Graduate student Emily Kuhn has recently been awarded two research fellowships: a 2018 National Science Foundation Graduate Research Fellowship Program fellowship (NSF GRFP) and a 2018 NASA Space Technology Research Fellowship (NSTRSF). Kuhn will choose one of the fellowships to use to undertake research in experimental cosmology as a member of the Newburgh Lab (PI Laura Newburgh).
According to the NSF website, the NSF GRFP ”recruits high-potential, early-career scientists and engineers and supports their graduate research training in science, technology, engineering and mathematics (STEM) fields… [by] providing three years of financial support within a five-year fellowship period”. Kuhn is one of 2,000 awardees this year, who were chosen from more than 12,000 applicants.

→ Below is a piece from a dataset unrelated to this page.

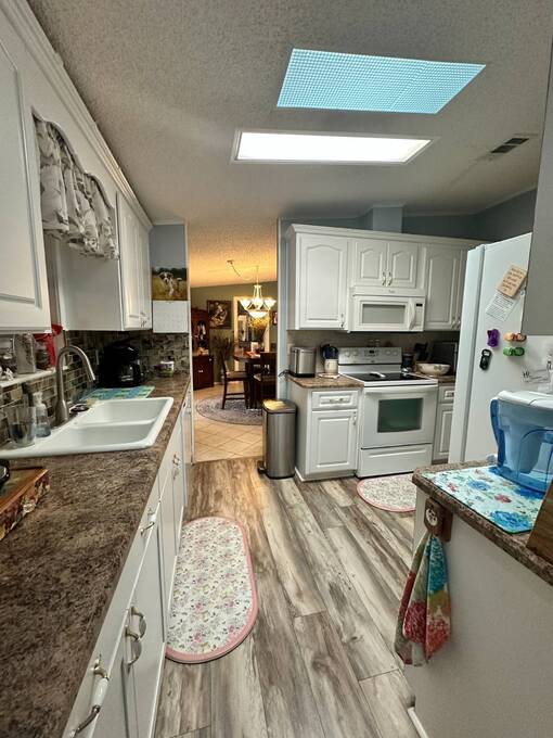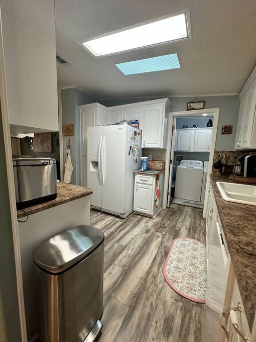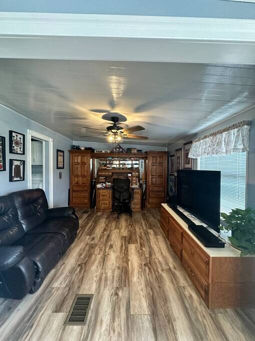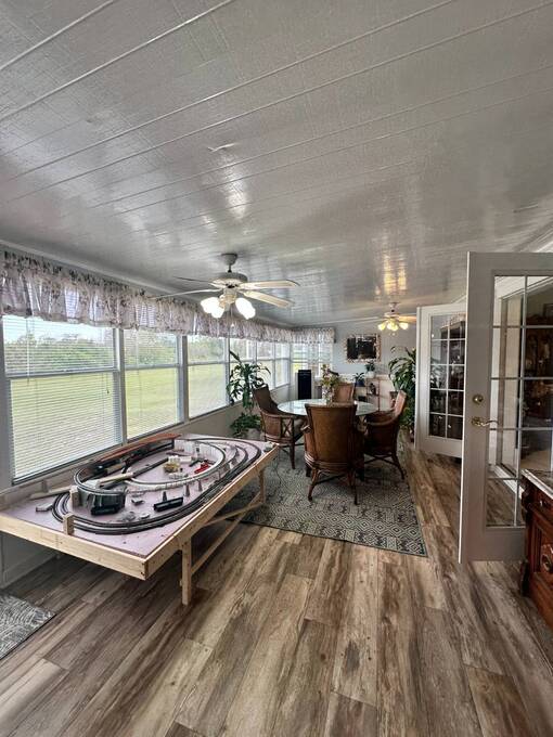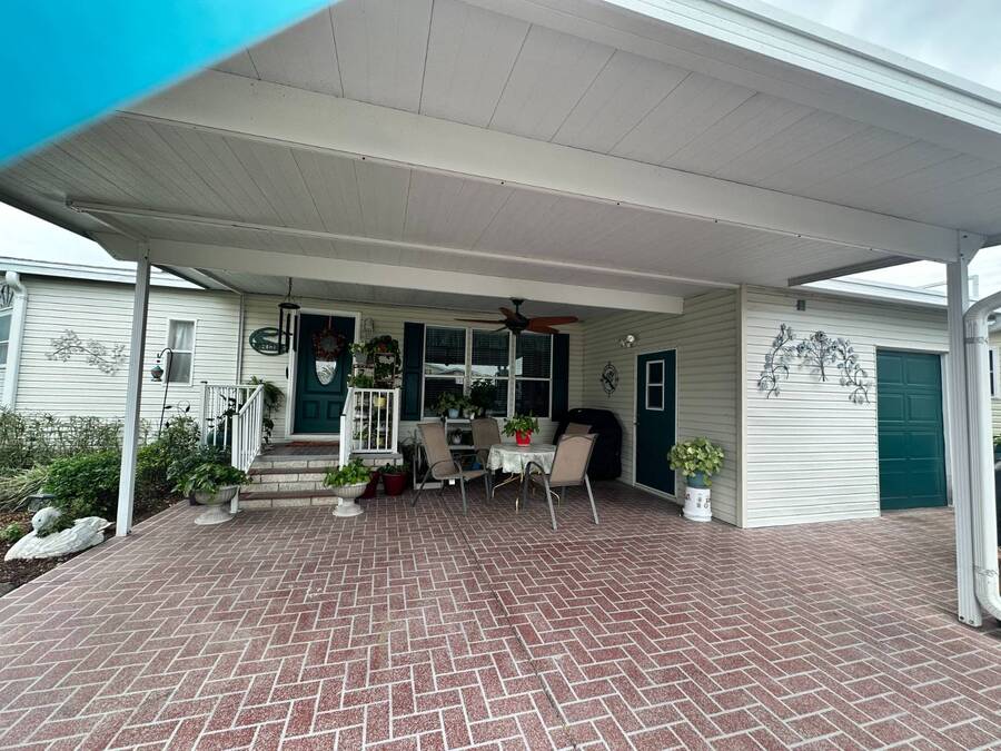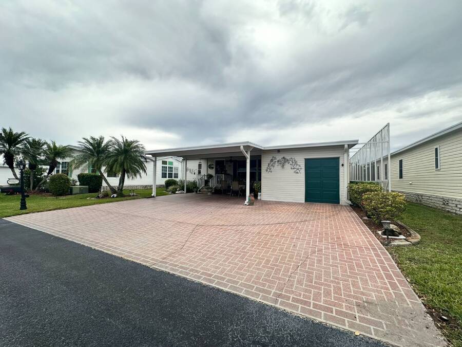 2 Beds + Den | 2 Baths | 1,232 Sq. Ft. | $139,900 Four Lakes Golf Club Lot #349 Beautifully Updated Home on Golf Course with Water & Fountain Views! Welcome to this beautifully updated double-wide home, perfectly positioned on the golf course with serene views of the water and fountain. Thoughtfully renovated and maintained, this move-in-ready home offers modern style, effortless comfort and inviting spaces both inside and out. From the moment you arrive, you'll love the charming front patio area, ideal for greeting neighbors or enjoying the Florida breeze. Step inside to an open, sun-filled layout featuring laminate and ceramic tile flooring throughout, blending easy maintenance and stylish design. The recently renovated kitchen showcases beautiful countertops and a tile backsplash, creating a bright and functional space that's perfect for everyday living. A highlight of the home is the large, window-lined lanai overlooking the golf course and fountain-a peaceful spot to enjoy your morning coffee or unwind at sunset while soaking in the view. The lanai continues into the den which adds versatility-use it as a guest room, office or creative retreat. The spacious primary suite with private ensuite bathroom includes a large walk-in closet with an additional storage space offering both comfort and convenience. Additional upgrades include a new roof (2024), new plumbing (2022) and a new air conditioner (2022), providing confidence and peace of mind for years to come. This home also features a golf cart garage and golf cart, perfect for zipping around your new community. Speaking of golf, you'll enjoy one year of free golf when you make this your new home! Offered at $139,900, this beautifully updated home is ready for you to move in and start living your Florida dream.

The NSTRSF website explains, “the goal of NSTRF is to sponsor U.S. citizen and permanent resident graduate students who show significant potential to contribute to NASA’s goal of creating innovative new space technologies for our Nation’s science, exploration and economic future. NASA Space Technology Fellows will perform innovative, space technology research at their respective campuses and at NASA Centers and/or at nonprofit U.S. Research and Development (R&D) laboratories. Awards are made in the form of training grants to accredited U.S. universities on behalf of individuals pursuing master’s or doctoral degrees, with the faculty advisor serving as the principal investigator.”